About this exercise ▸ The lines to copy run from the one containing "Salon de jardin" to the end of the records below; repeat them exactly and include nothing else.

Extracted entries ▸
+++

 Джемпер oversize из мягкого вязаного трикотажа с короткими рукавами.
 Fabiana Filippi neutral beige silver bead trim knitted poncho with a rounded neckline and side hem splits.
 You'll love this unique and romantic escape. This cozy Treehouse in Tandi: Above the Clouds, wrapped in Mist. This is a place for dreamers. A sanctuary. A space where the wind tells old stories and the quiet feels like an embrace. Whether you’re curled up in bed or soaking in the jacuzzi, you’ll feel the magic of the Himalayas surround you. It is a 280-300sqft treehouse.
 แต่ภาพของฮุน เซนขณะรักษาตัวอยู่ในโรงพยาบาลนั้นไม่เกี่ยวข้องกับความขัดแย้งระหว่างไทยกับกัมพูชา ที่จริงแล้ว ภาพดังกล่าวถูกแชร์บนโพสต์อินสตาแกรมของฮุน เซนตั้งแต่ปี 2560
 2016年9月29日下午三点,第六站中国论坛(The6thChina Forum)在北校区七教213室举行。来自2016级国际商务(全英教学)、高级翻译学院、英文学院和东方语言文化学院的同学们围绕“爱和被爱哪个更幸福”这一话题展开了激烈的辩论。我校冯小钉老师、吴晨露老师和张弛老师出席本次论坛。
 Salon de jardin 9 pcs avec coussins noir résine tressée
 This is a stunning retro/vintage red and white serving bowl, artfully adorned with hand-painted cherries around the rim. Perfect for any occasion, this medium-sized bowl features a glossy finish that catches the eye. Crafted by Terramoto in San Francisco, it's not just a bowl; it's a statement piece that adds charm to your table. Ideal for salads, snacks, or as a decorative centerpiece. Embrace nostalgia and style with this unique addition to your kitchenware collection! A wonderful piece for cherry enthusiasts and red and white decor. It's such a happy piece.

+++

Answer for the task ▸
 Salon de jardin 9 pcs avec coussins noir résine tressée
 This is a stunning retro/vintage red and white serving bowl, artfully adorned with hand-painted cherries around the rim. Perfect for any occasion, this medium-sized bowl features a glossy finish that catches the eye. Crafted by Terramoto in San Francisco, it's not just a bowl; it's a statement piece that adds charm to your table. Ideal for salads, snacks, or as a decorative centerpiece. Embrace nostalgia and style with this unique addition to your kitchenware collection! A wonderful piece for cherry enthusiasts and red and white decor. It's such a happy piece.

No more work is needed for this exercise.